Aos 5 minutos, 2:0 para a Polónia. Nunca esperávamos uma ajuda desta qualidade, agora só falta controlar a anfitriã Coreia e já está. Mas não, Portugal entra nervoso em campo e isso é mais que notório em algumas faltas despropositadas, como o primeiro amarelo para Beto e o vermelho directo para JVP, numa entrada desajeitada sobre Park Ji-Sung.
Ironia do destino, seria ele o autor do solitário golo da noite. Um belo movimento, diga-se. Pára a bola no peito, domina com o pé direito e remata com o esquerdo por entre as pernas de Baía (pelo meio, Conceição vai à queima e é afastado da acção). Nessa altura, já Portugal tem só nove jogadores – a JVP acrescente-se Beto no livro de indisciplina do árbitro argentino Ángel Sánchez.

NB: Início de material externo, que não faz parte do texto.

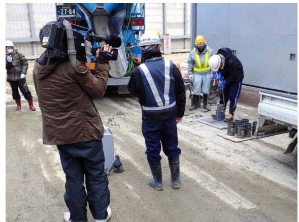
▲コンクリート試験実体験
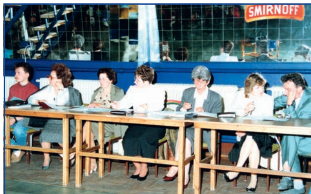
1995. 05. 05. – A vetélkedő zsűrije
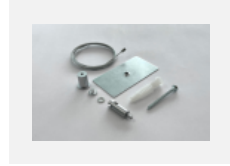
145-50303, N Seile an Profilverbindung 2000mm - 1 Stk. + Metallhalter
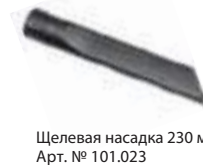
Щелевая насадка 230 мм Арт. № 101.023
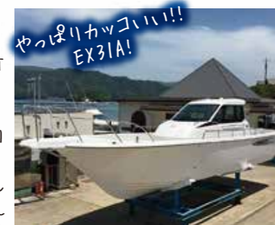
やっぱりカッコいい!! EX31A!

日本三景「天橋立」に程近い宮津営業所からは、EX31Aをご紹介します! 5月25日にできたてのぼやぼやのEX31A×6LY2-WST(380Ps)がヤンマー造船より陸路で入荷しました!!ご注文いただいたから半年以上お待ち頂きましたが、お客様の要望に沿った工場オプションを取り入れ、ゼロからお造りさせていただきました。海の幸の宝庫「日本海」で最高の釣行を楽しんで頂く為に、さらにこだわりの艀装をこれから施していきます。理想のカスタム艇にすべくスタッフ一同がんばりますよ~!!!
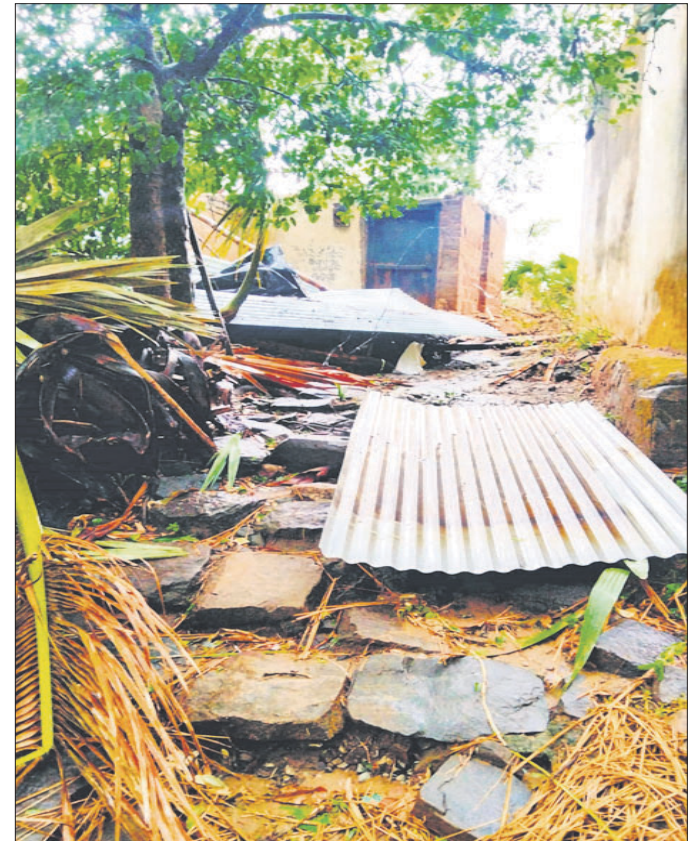
କ୍ଷତିଗ୍ରସ୍ତ ଘର ।
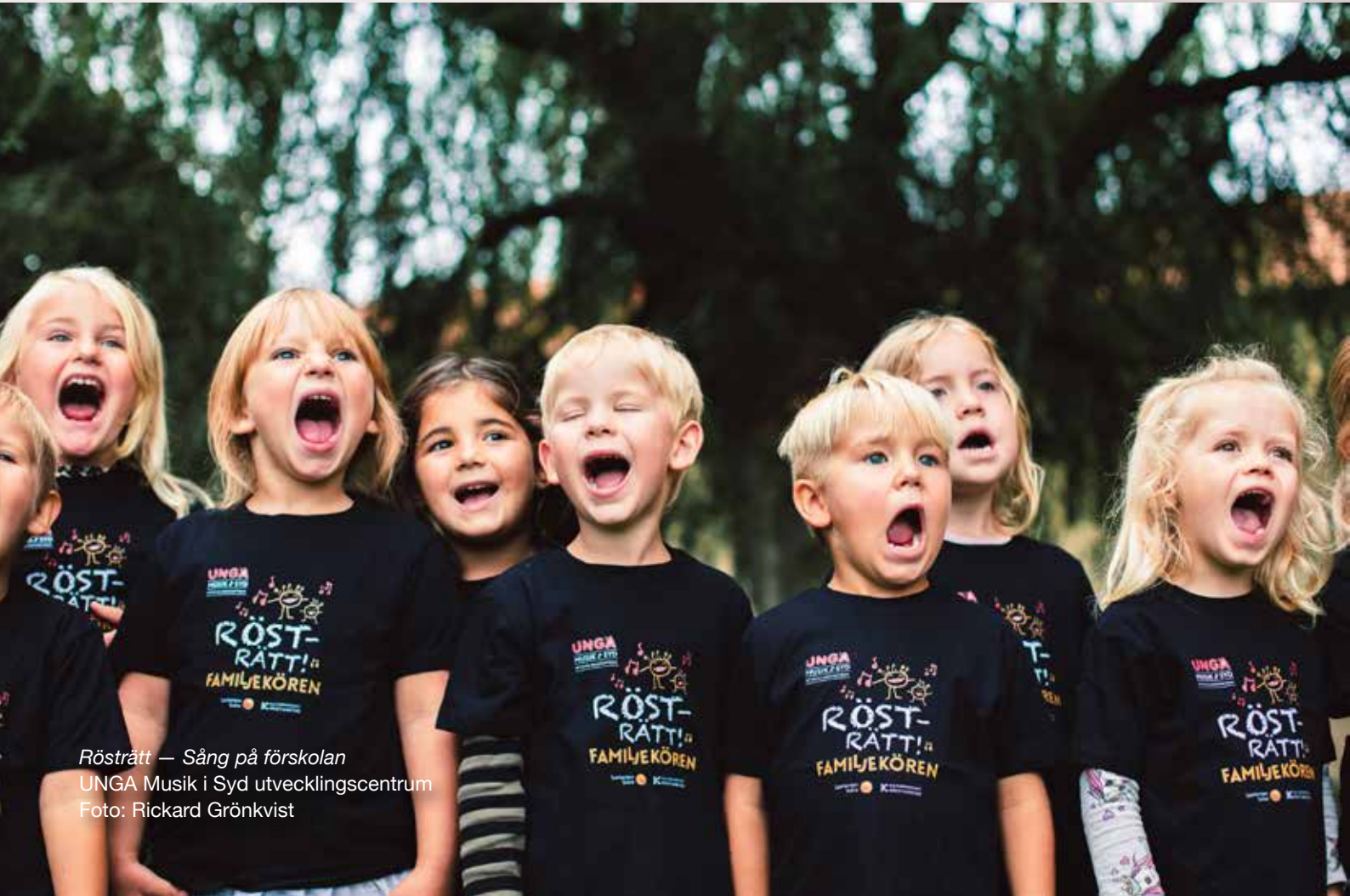
Rösträtt — Sång på förskolan UNGA Musik i Syd utvecklingscentrum
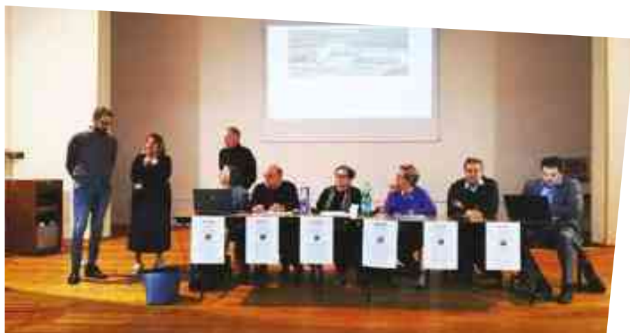
I COMPONENTI DEL COMITATO

"Siamo pazienti di serie B, e stiamo per perdere la pazienza. Da dieci anni registriamo riduzione del personale, dei posti letto, dei finanziamenti, delle attrezzature, e abbiamo pronto soccorso al minimo delle forze. Tutto questo, a fronte di professionalità importanti, di alto livello, che si trovano costrette a lavorare in condizioni
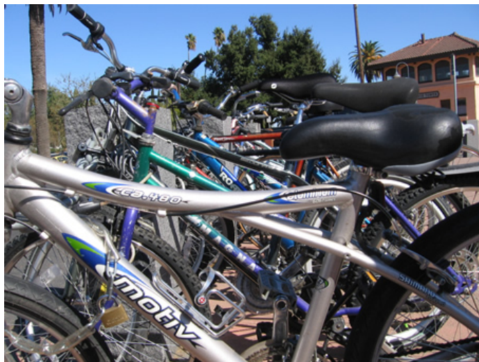
(Bijna iedereen fietst in Davis, wat zeker zal bijdragen aan een gezond gewicht)
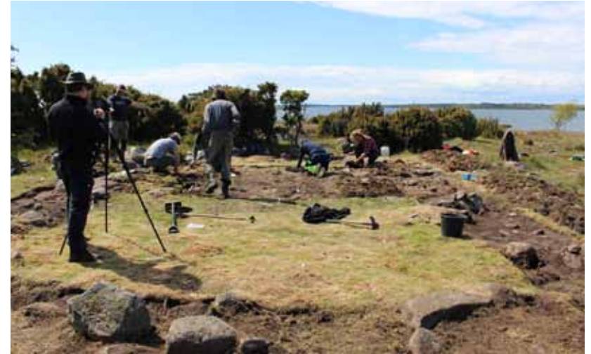
Forskningsgrävning på ön Öppenskar 2016.

järnåldern. Här handlar det, precis som i annan arkeologi, också om att titta bakom fasaden av alla guldglänsande praktföremål och försöka synliggöra det vardagliga och mer oansenliga. Gravfältet Store backe, även känt som "Snarket", är en plats som på nytt uppmärksammas och parallellt med detta pågår arbete med lämningar ute på öarna Inlängan och Öppenskar.
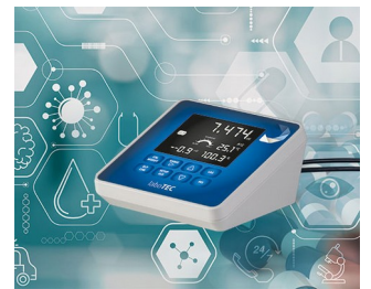
Laboratory measuring device
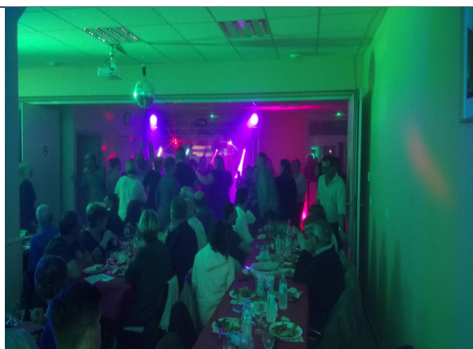
Beaucoup d'ambiance lors de la soirée couscous qui fut une très belle réussite
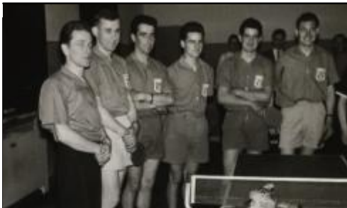
Saison 1957/58 Aufstieg in die Gruppenliga Süd

É aí que Portugal assume o jogo e corre atrás do empate, que esbarra no poste de Lee Woon-jae com um pontapé artístico de Conceição. Quando soa o apito final, a desilusão apodera-se de todo um país. Pela segunda vez seguida, Portugal é eliminado de um Mundial na fase de grupos. Pela segunda vez seguida, Portugal recusa ajuda exterior. Sim, a Coreia do Sul oferece o empate. Durante a primeira parte e até ao intervalo. Portugal não quer saber. Aliás, Oliveira não quer saber. Do resultado do outro jogo, queremos dizer.
Em abono da verdade, a táctica já fora utilizada no último dia de qualificação, vs Estónia, na Luz. Diz o próprio Oliveira. "Proibi toda a gente de transmitir informações para dentro do campo e só soube do resultado [Irlanda vs Chipre] ao intervalo porque alguém atrás de mim o disse. Não se trata de não devermos estar preocupados com o outro jogo, mas sim de uma questão de discurso de coerência. Não posso estar a convencer os meus jogadores de que são os melhores, e eles são-no, e depois ir-lhes dizer para terem cuidado com aqueles que estão a jogar noutra casa."

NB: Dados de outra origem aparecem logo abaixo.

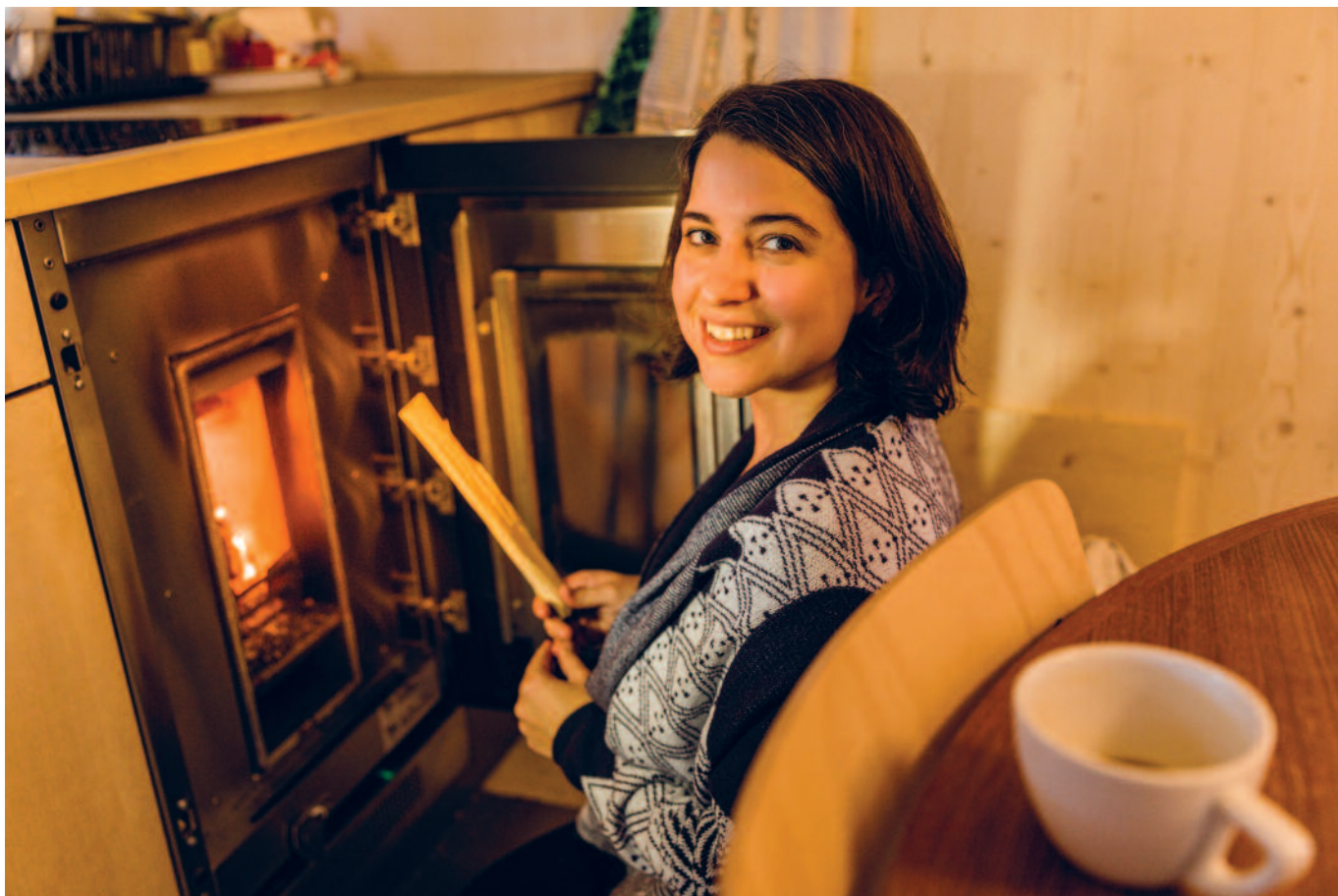
Das Feuer im Holzpavillon ist entfacht: Herzlich willkommen, Nachbarschaft!
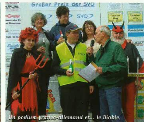
Un podium franco-allemand et... le Diable.
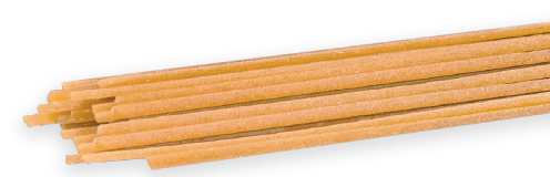
LINGUINE n° 7
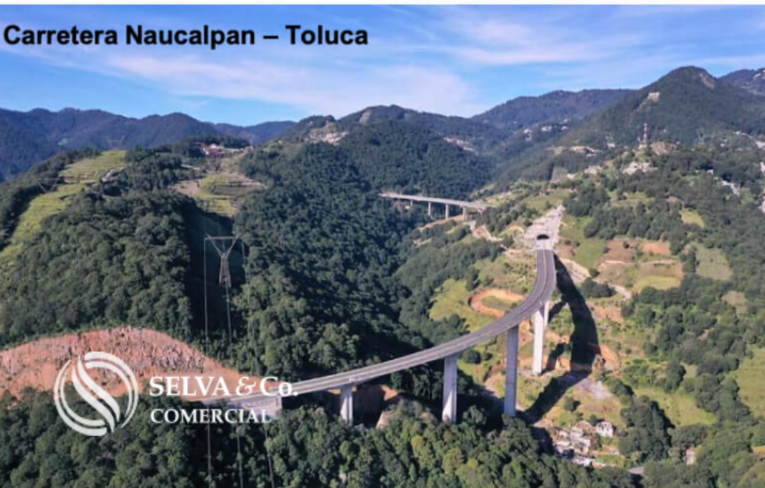
Carretera Naucalpan – Toluca
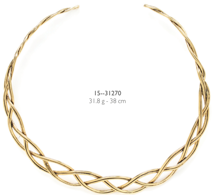
15--31270 31.8 g - 38 cm
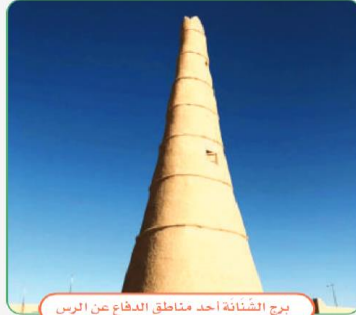
برج الشنائة أحد مناطق الدفاع عن الرس

الإمام عبدالله بن سعود (الدولة السعودية الأولى)
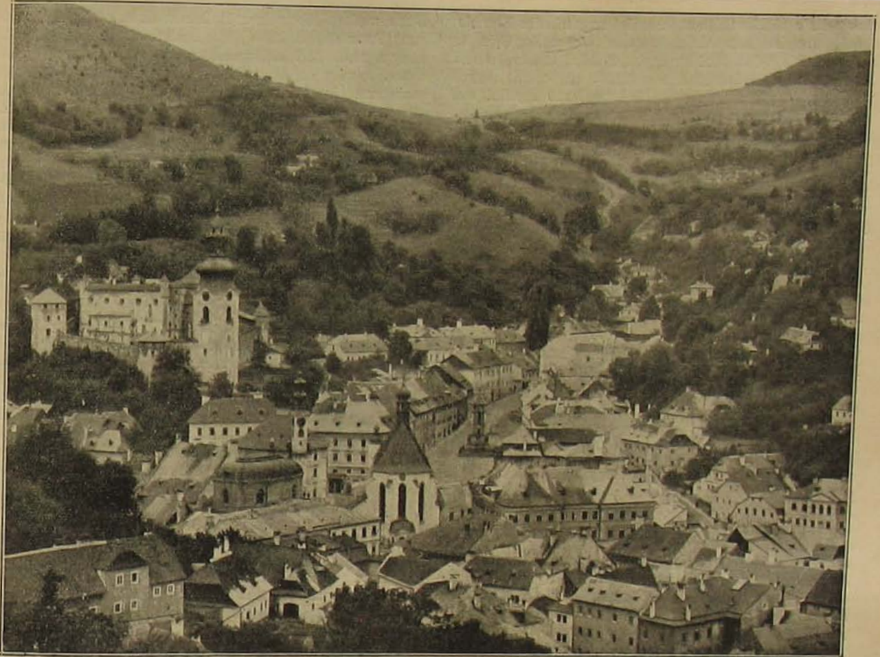
Amit vissza kell szerezniünk: Selmecbánya.
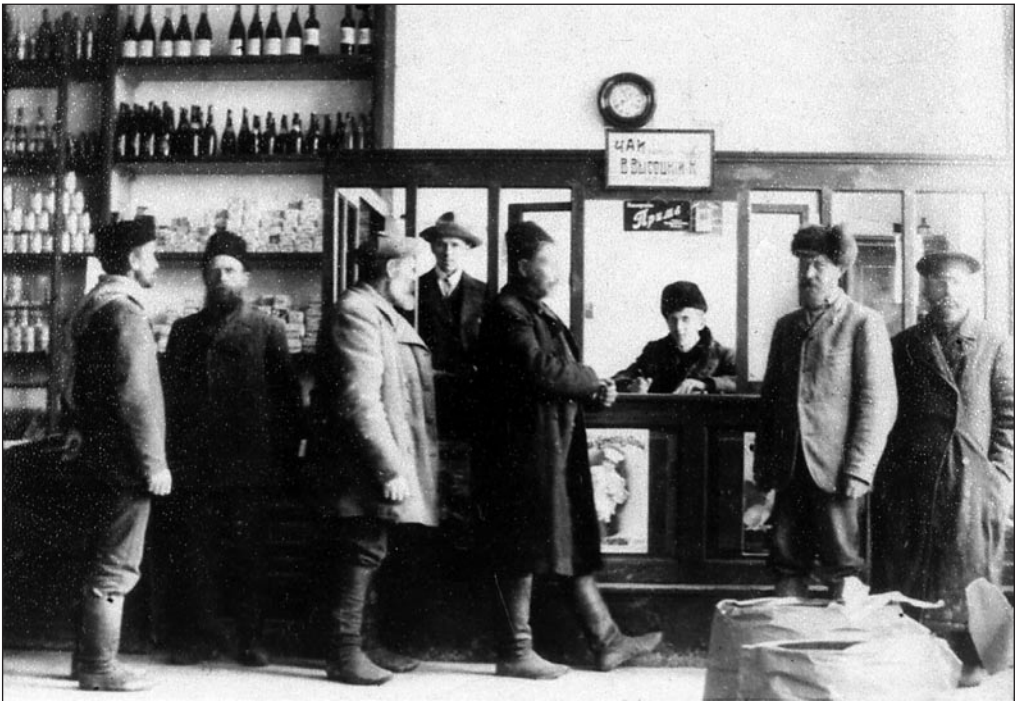
Kaupluse sisevaade Abhaasia eesti külas 1920.–1930. aastatel. EFA 0-154285

Da Estónia para a Coreia do Sul, distam seis meses e a táctica mantém-se. Se a Estónia é uma selecção a fazer figura de corpo presente, a Coreia do Sul é altamente competitiva. Sem qualquer vitória em nenhuma das seis presenças em Mundiais, ganha 2:0 vs Polónia e depois saca um empate vs EUA (1:1). O horizonte é risonho. O treinador é Guus Hiddink e o seu futebol é de paciência, muita paciência. Mais entreajuda, muita entreajuda. Nem é de agora. Quando Hiddink ganha a Taça dos Campeões 1988 pelo PSV, empata todos os jogos desde os ¼ até à final, vs Bordéus (1:1, 0:0), Real Madrid (1:1, 0:0) e, claro, Benfica (0:0, depois 6:5 nos penáltis). Nesse PSV, há figuras de topo como Van Breukelen, Gerets, Koeman, Vanenburg, Lerby e Kieft.

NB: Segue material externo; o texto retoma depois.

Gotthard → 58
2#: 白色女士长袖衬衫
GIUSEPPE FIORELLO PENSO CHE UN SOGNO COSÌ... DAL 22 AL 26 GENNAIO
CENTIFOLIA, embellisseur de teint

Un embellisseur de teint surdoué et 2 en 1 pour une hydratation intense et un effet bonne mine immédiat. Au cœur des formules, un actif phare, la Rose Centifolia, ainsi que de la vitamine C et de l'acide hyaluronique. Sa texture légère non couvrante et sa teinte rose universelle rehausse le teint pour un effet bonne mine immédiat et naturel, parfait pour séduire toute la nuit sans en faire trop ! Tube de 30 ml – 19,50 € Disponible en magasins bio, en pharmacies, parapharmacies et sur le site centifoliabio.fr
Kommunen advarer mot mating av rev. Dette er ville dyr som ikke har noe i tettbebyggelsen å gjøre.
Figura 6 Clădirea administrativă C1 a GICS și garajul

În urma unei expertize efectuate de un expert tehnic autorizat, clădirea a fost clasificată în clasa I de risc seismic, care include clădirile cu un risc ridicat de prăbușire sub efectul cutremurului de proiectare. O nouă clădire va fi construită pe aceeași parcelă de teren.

Também há jogadores de topo na Coreia de Hiddink, como Park, então do PSV, depois Man United, Seol e Ahn, do Perugia – eliminaria a Itália nos oitavos e seria impedido pelo próprio presidente do clube italiano de voltar a vestir a camisola. Ainda assim, nenhum português equaciona um regresso prematuro a casa. Porque o 4:0 vs Polónia devolve a alegria e a confiança e porque as famílias dos jogadores chegam à Coreia na véspera do jogo com bilhete de volta para daí a umas semanas. A esperança está viva, Portugal não irá repetir os erros de França e Argentina, já afastadas do Mundial em plena fase de grupos, nos dias 11 e 12, respectivamente.
Ai não?
Oliveira volta a cometer o erro do primeiro jogo e selecciona Beto para lateral-direito. De resto, tudo igual do meio-campo para a frente com Petit e Paulo Bento mais Figo, JVP e Conceição a alimentar Pauleta. Antes do jogo, a fadista Mariza canta o hino e há uma emoção diferente entre os jogadores. Que o digam Jorge Costa e Conceição em animada cavaqueira naquele alinhamento para a fotografia. São 12h30 da tarde em Portugal continental. O jogo começa à hora marcada, com JVP a dar para Pauleta. Um minuto depois do primeiro remate do jogo, a Polónia dá-nos uma alegria com o golo de Olisadebe. No instante seguinte, 2:0 de Kryszalowski. Quer isto dizer, o nulo em Incheon vale o apuramento directo para Portugal e fecha a porta do Mundial aos EUA. Dentro do relvado, ninguém sabe de nada. Ordens de Oliveira.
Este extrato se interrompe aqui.